Extortion occurs when one person obtains property from another person through wrongful force, violence, or fear. Acts of blackmail are considered to be extortion, even if the blackmail is being used to enforce a legal right. For example, if someone believes you owe him or her money, that person may attempt to extort the money from you by using blackmail tactics to embarrass you into paying the money. Generally, the extortionist cannot claim truth in the underlying reason for the extortion as a defense.
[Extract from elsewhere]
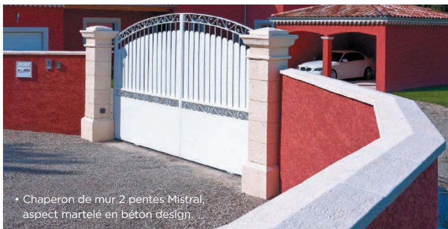
• Chaperon de mur 2 pentes Mistral, aspect martelé en béton design.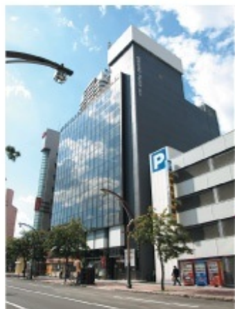
相続手続支援センター北海道支部 GRAND PARK BLD. 5階 (1階にセイコーマートの入ったビル)

With the proliferation of the Internet into our daily lives, there as has been an increase in cyber-extortion, which is essentially extortion via a website.
When someone posts negative comments about you online, this is often referred to as “cybergriping”. Cyber-extortion is essentially an extreme form of cybergriping that occurs when someone else uses your personal name in a negative website in order to get what that person wants from you. When the cybergriping act includes the use of your personal name in a domain (such as [yourname]sucks.com), the cybergripe is considered to be a form of “cybersquatting”. The Anticybersquatting Consumer Protection Act (“ACPA”) was created to provide some protection of your personal name from domain use by other people.
Cases surrounding the issue of cybersquatting and cyber-extortion commonly focus on the level of commercial activity associated with the personal name. Generally, a person who is claiming to be a victim of cybersquatting will not be successful against the cybersquatter without showing that the victim has direct or indirect competition or other type of commercial activity connected with the victim’s personal name. Furthermore, the victim must show that (1) the cybersquatter owns a registered domain name; (2) the domain name includes the victim’s personal name or is confusingly similar to the victim’s personal name; (3) the cybersquatter does not have the victim’s permission to use the victim’s personal name; and (4) the cybersquatter has specific intent to profit from the use of the domain name that includes the victim’s personal name. This fourth element is the most difficult to prove. One case in particular held that if the cybersquatter is attempting to get paid for money the cybersquatter believes is legitimately his, the cybersquatter does not have intent to “profit” but is only demanding payment of a debt. In contrast, however, the court in another case held that cyber-extortion in this manner is not allowed, even to recover money owed on a debt.
In deciding a cyber-extortion case, the courts often engage in a balancing of harms between the victim and the cybersquatter. Courts recognize that cybergripers have rights under the First Amendment to criticize others online, but there are limits if the cybergriper crosses the line into extortion. This could be shown by vulgar, sexually explicit, or racist commentary that is posted in the attempted cyber-extortion, as well as the cybergriper’s past behavior or previous attempts to cyber-extort. As part of the balancing of harms, the court may also consider disclaimers posted on the website, but the disclaimer generally has to be clear that it is an unofficial website and often include a link to the proper website for that person.
A successful cybersquatting claim in a Uniform Domain Name Dispute Resolution Policy (“UDRP”) administrative proceeding will result in injunctive relief. A successful lawsuit for ACPA violations, however, allows for additional relief, including damages and attorney fees.